## Task
Where the line containing "electric blue rhinestones" appears below, begin there and reproduce each line exactly through the last one, omitting pictures.

## Data excerpt
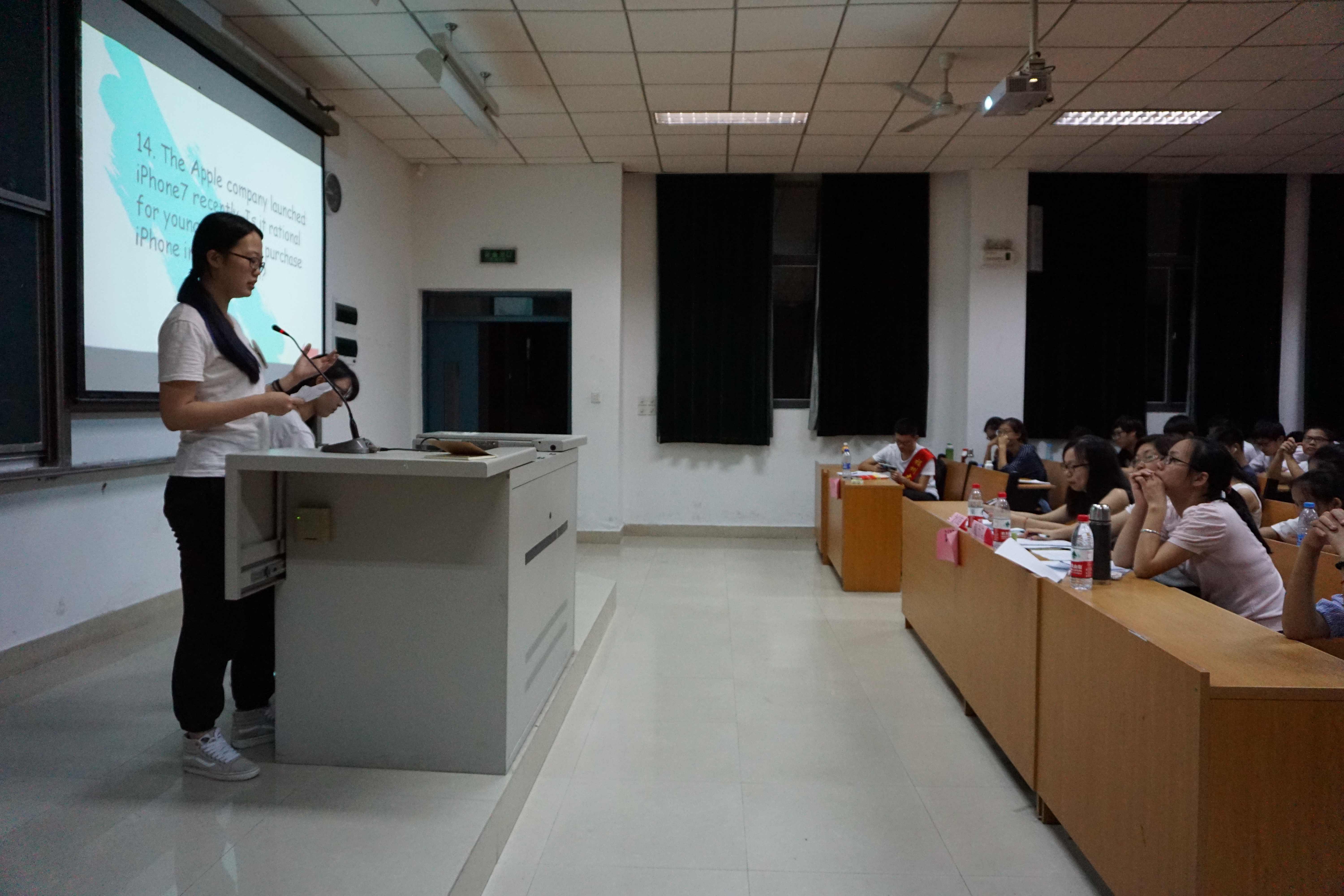 各学院(除外国语学院)的29名学子同台竞技,场面热烈。本次比赛邀请到戴力芬老师、叶青老师和刘燕老师担任评委。
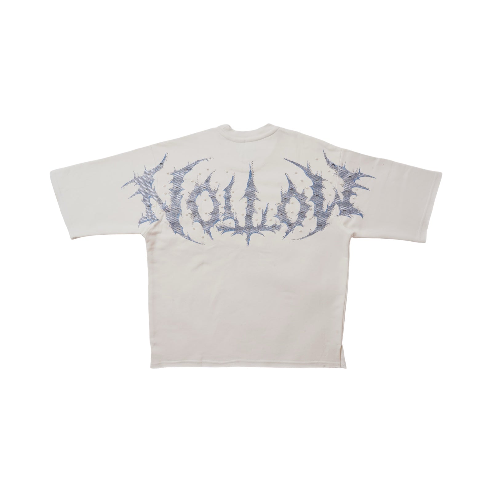 • Logo: Motion text in jagged gothic font across the chest in electric blue rhinestones
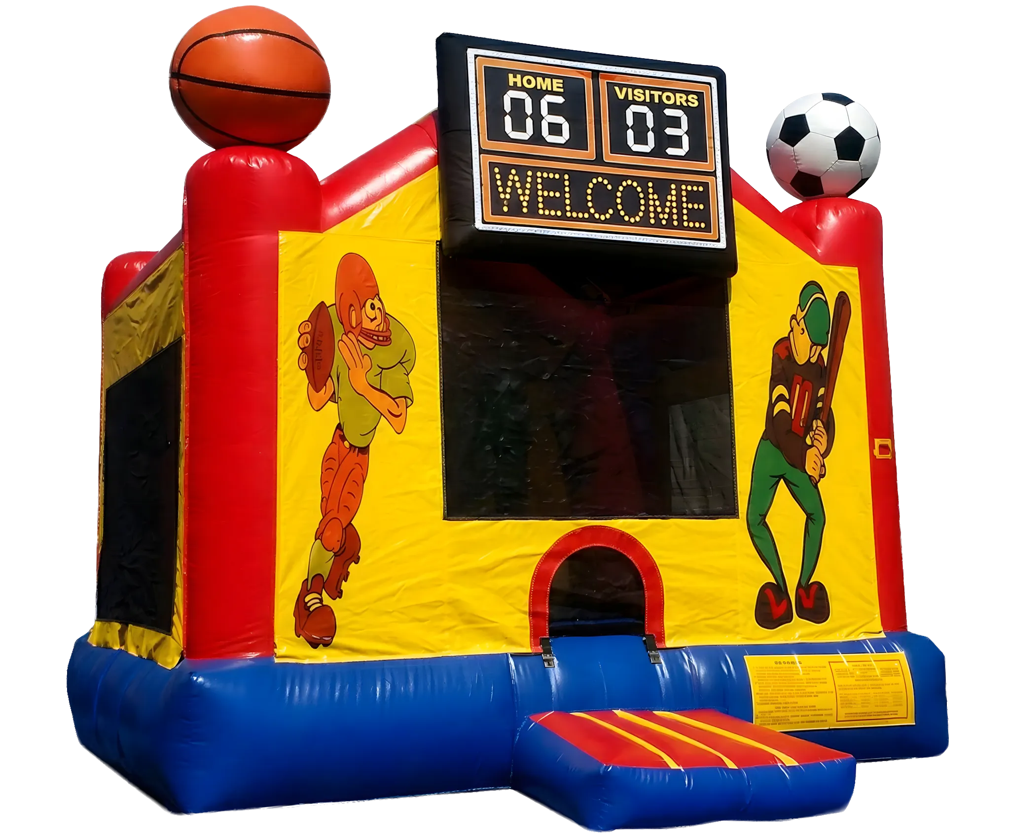 Whether you’re celebrating a birthday, a big team win, or just want some active fun, this Sports Moon Bounce w/ Hoops Inside is the perfect choice. Kids can jump, play, and shoot hoops with the built-in basketball hoop inside. With its fun sports theme and player graphics on the front, it’s a great pick for any sports fan or team celebration!

## Task output
 • Logo: Motion text in jagged gothic font across the chest in electric blue rhinestones
 Whether you’re celebrating a birthday, a big team win, or just want some active fun, this Sports Moon Bounce w/ Hoops Inside is the perfect choice. Kids can jump, play, and shoot hoops with the built-in basketball hoop inside. With its fun sports theme and player graphics on the front, it’s a great pick for any sports fan or team celebration!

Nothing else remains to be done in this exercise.